======== TASK DATA

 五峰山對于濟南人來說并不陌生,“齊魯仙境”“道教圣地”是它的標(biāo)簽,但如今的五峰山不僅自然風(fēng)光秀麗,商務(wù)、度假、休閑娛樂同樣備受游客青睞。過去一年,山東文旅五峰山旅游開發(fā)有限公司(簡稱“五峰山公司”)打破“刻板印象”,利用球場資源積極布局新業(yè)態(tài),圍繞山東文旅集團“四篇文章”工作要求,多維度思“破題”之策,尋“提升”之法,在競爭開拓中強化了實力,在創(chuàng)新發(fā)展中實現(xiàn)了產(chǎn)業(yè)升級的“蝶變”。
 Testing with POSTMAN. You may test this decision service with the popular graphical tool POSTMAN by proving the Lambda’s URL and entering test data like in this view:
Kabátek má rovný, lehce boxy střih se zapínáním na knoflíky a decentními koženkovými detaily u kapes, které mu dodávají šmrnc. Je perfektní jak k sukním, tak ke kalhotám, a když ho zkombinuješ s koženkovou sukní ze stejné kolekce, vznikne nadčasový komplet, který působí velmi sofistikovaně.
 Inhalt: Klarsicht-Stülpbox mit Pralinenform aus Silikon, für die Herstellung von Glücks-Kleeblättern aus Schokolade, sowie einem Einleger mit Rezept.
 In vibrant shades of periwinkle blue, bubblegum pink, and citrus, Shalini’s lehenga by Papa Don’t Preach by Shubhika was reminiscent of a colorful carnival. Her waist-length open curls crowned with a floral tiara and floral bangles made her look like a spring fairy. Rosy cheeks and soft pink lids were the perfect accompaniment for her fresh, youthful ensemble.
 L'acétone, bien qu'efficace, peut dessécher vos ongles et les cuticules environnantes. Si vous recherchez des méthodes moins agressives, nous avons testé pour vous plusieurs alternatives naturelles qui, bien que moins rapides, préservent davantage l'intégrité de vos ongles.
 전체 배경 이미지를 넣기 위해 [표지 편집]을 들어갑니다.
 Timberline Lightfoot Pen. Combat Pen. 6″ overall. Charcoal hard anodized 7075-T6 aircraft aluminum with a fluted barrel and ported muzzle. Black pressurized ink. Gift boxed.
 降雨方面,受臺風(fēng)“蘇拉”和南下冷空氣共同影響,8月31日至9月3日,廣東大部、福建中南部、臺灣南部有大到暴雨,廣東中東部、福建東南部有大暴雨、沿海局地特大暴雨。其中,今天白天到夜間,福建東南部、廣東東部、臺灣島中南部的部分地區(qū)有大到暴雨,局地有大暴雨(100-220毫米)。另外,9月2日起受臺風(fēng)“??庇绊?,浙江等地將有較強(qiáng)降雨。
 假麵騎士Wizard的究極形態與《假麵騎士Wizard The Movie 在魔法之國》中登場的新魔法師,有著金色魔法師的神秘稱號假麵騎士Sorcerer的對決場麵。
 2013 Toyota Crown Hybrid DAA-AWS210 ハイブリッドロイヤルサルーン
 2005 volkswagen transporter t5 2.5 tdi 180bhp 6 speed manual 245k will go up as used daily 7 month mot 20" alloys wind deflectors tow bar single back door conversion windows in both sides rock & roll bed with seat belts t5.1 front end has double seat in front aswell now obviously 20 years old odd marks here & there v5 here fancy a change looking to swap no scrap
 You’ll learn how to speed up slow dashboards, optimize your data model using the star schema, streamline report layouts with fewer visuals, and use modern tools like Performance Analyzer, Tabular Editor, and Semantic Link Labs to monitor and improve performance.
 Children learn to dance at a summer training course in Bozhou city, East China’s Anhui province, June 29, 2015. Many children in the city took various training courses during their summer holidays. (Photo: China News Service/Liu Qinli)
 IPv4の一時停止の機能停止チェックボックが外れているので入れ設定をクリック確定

================

## [EXERCISE OBJECTIVE]
Copy every line from the records that holds the string "with".

## [RESPONSE TO THE TASK]
 Testing with POSTMAN. You may test this decision service with the popular graphical tool POSTMAN by proving the Lambda’s URL and entering test data like in this view:
 In vibrant shades of periwinkle blue, bubblegum pink, and citrus, Shalini’s lehenga by Papa Don’t Preach by Shubhika was reminiscent of a colorful carnival. Her waist-length open curls crowned with a floral tiara and floral bangles made her look like a spring fairy. Rosy cheeks and soft pink lids were the perfect accompaniment for her fresh, youthful ensemble.
 Timberline Lightfoot Pen. Combat Pen. 6″ overall. Charcoal hard anodized 7075-T6 aircraft aluminum with a fluted barrel and ported muzzle. Black pressurized ink. Gift boxed.
 2005 volkswagen transporter t5 2.5 tdi 180bhp 6 speed manual 245k will go up as used daily 7 month mot 20" alloys wind deflectors tow bar single back door conversion windows in both sides rock & roll bed with seat belts t5.1 front end has double seat in front aswell now obviously 20 years old odd marks here & there v5 here fancy a change looking to swap no scrap
 You’ll learn how to speed up slow dashboards, optimize your data model using the star schema, streamline report layouts with fewer visuals, and use modern tools like Performance Analyzer, Tabular Editor, and Semantic Link Labs to monitor and improve performance.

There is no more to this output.